Oh 'eck. Really? Let's hope we can have 200ml packs then, at least we'll only need one per meal. That's 4 x 7days x4wks = 112 plus spares ........ Yegads. Let's hope the pharmacy deliver, rather than me having to fetch it.

Hang on, do we even have it in tetrapaks in this country, or are we talking silly little plastic bottles? Do they come in a tray, how many to a tray? This could cause serious problems in our shoebox house.


----------



## sherryberry79

We have 200ml bottles that come in crates of 24 x 200ml!
We just stack them under the kitchen table but it is a bit of a pain.
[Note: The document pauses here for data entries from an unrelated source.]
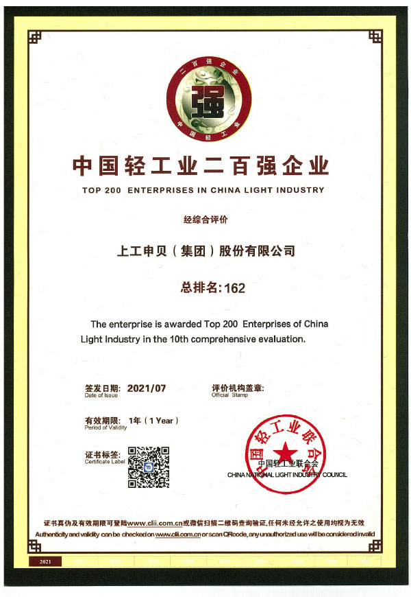 Top 200 Enterprises in China Light Industry (Range 162)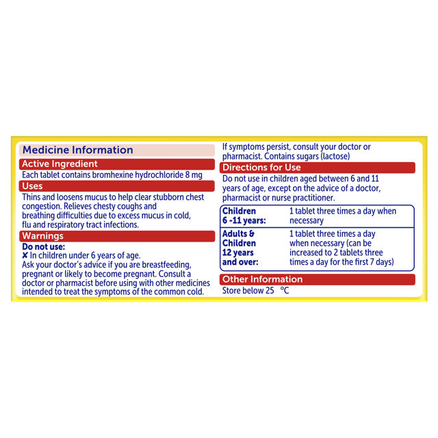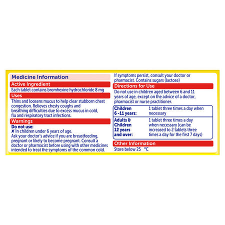Bisolvon Chesty Forte Tablets thins, loosens and clears mucus from the chest and helps clear stubborn chest congestion. Bisolvon Chesty Forte Tablets are small and easy to swallow, making them a great choice for relieving chesty coughs when on the go. The non-drowsy formula means you can take them when you're working or driving.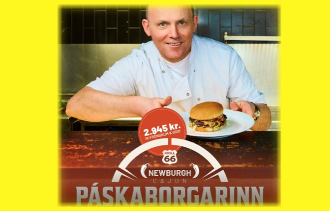 Páskaborgarinn á Grill 66 á bensínstöðvum Olís er kreóla-borgari sem nefnist Newburgh og er sköpunarverk Róberts Ólafssonar, matreiðslumeistara og eiganda á Forréttabarnum.

W use Lloyds pharmacy and they do indeed deliver!!


----------



## sherryberry79

Just had to google what a tetrapack is.......bloody hell you learn a new thing every day, I never knew that was the name for those carton type thingies!!!


----------



## sleeping bubs

popped into the chemist today to pick up a perscription an they asked if I had come for Mckenzie's mik which I hadn't cos they ha it in cos they know go through it quickly I get weeks supply each time but they will increase it if I want, so just got to put perscription into the doctors then pick it all up 2days later!! going to hae loads cos I still have 5 unopened packs of 12!! But going to be pure SMA in the next couple of days!!


----------



## Marleysgirl

We got our Infatrini today, 120 bottles to last 4 weeks. I was panicking over the quantity but now I see that you can put opened bottles in the fridge and use them at the next feed time, so I'm less worried about not having spares now.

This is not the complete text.